Sternenkinder: Trauerorte wie in Lübeck sollen Eltern helfen
Etwa jede dritte Frau erlebt Schätzungen zufolge eine Fehlgeburt. Grabfelder für totgeborene Kinder, auch Sternenkinder oder Schmetterlingskinder genannt, gibt es in ganz Schleswig-Holstein. Dort können auch Kinder bestattet werden, die sehr früh im Mutterleib gestorben sind.
Auf dem St. Lorenz-Friedhof in der Nähe des Hauptbahnhofs in Lübeck fällt ein Grabfeld besonders auf. Es ist geschmückt mit Plüschtieren, bunten Windrädern, Engelsfiguren und bemalten Steinen. "Den Stein mit den Bären und Luftballons hat meine Schwiegermutter von einer Bekannten malen lassen" sagt Yasmin Marek. Sie selbst hat einen Engel abgelegt, darauf ein Schriftzug: "Ich hab dich lieb".
Hier ist ihr Sternenkind begraben, sagt Yasmin Marek, ihr zweiter Sohn. "Das ist ein Ort, um ihm nah zu sein." An dieser Grabstelle werden Kinder bestattet, die im Mutterleib gestorben sind und dabei weniger als 500 Gramm gewogen haben - dieses Gewicht wird etwa im sechsten Schwangerschaftsmonat erreicht. Fehlgeburten passieren oft: Laut Schätzungen des Berufsverbands der Frauenärzte erlebt etwa jede dritte Frau mindestens eine in ihrem Leben. Auch Yasmin Marek, die im September 2021 im vierten Monat schwanger war.
Bestattungen für früh totgeborene Kinder: Kostenloses Angebot für betroffene Eltern
"Ich wusste schon auf dem Weg ins Krankenhaus, dass das kein gutes Ende nehmen wird. Mir ist zuhause die Fruchtblase geplatzt", erinnert sie sich. Die Ärztinnen und Ärzte sowie eine Seelsorgerin im Lübecker Universitätsklinikum haben Yasmin Marek nach ihrer Fehlgeburt darüber informiert, dass ihr Sternenkind auf dem Friedhof St. Lorenz bestattet werden kann. Viermal im Jahr wird dort die Asche von früh im Mutterleib gestorbenen Kindern im Rahmen einer Trauerfeier in einer gemeinsamen Urne beerdigt. Ein für die Eltern kostenloses Angebot - dafür kooperieren Lübecker Bestatter, das Universitätsklinikum SH und der Kirchenkreis Lübeck-Lauenburg miteinander.
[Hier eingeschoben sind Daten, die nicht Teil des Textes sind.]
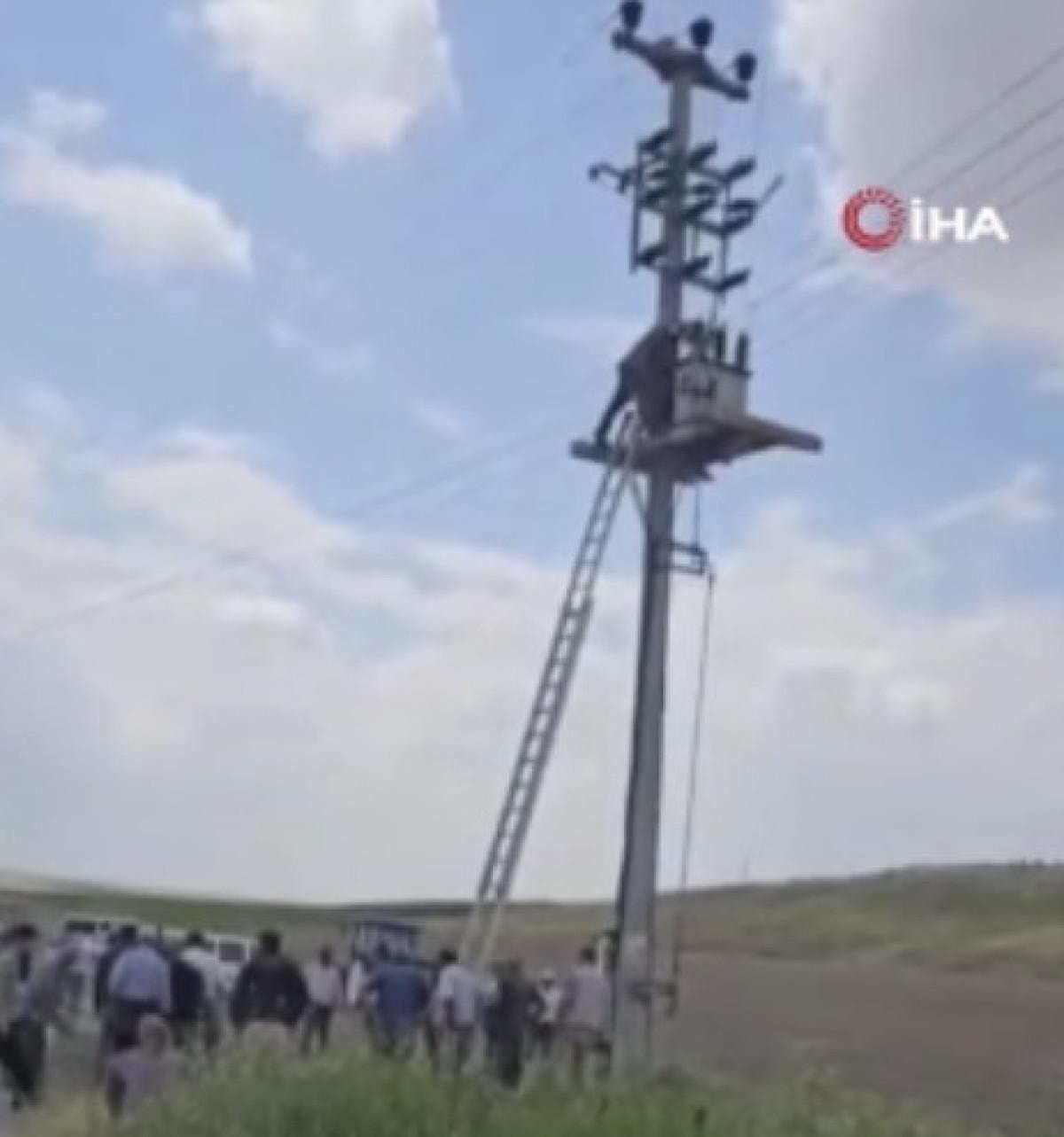 Trafoya çıkan Koç, henüz belirlenemeyen bir nedenle elektrik akımına kapıldı.

Auch andere Kliniken und Krankenhäuser bestatten totgeborene Kinder nach Fehlgeburten in der Regel würdevoll. Das Städtische Krankenhaus Kiel setzt Sternenkinder anonym und gesammelt einmal im Jahr auf dem Kindergrabfeld "Alter Urnenfriedhof" bei. Totgeborene Kinder ab 500 Gramm müssen in Schleswig-Holstein ohnehin grundsätzlich in einem eigenen Grab oder einer eigenen Urne beerdigt werden.
Trauerseelsorgerin: Fehl- und Totgeburten mittlerweile eher als Trauerfälle anerkannt
Mareike Hansen, Pastorin der St. Laurentius-Gemeinde in Lübeck, ist froh, dass es Trauerorte wie auf dem St. Lorenz-Friedhof schon für die ganz früh gestorbenen Kinder gibt. "Dieser Ort hat soviel Kraft, weil er weiter davon erzählt, dass es diese Allerkleinsten gab, dass auch immer noch ein Gedenken stattfinden kann. Eben auch nach 20 Jahren darf man hier noch sitzen, sich besinnen und traurig sein."
Die Seelsorgerin für trauernde Eltern hat den Eindruck, dass die Themen Früh- und Totgeburt nicht mehr so stark tabuisiert sind wie früher, als Frauen noch viel mehr mit sich selbst hatten ausmachen müssen. "Weil die Gesellschaft gar nicht dazu bereit war, das als Trauerfall anzuerkennen." Solche Orte zeigten auch, dass der Schmerz der Eltern eine Würdigung erfährt.
Sternenkind-Mutter: "Froh, dass mein Kind hier nicht alleine ist"
Etwa alle zwei Monate ist Yasmin Marek hier auf dem Friedhof. Immer dann, wenn sie die Trauergruppe besucht, die ihr nach wie vor hilft, den Verlust ihres zweiten Sohnes zu verarbeiten. Hier an der Grabstätte für die totgeborenen Kinder erinnern die vielen Blumen, Figuren und Abschiedsgrüße daran, dass sie ihr Schicksal mit vielen anderen Eltern teilt. Und: "Es ist schön zu wissen, dass mein Kind nicht alleine hier ist, sondern mit anderen Kindern."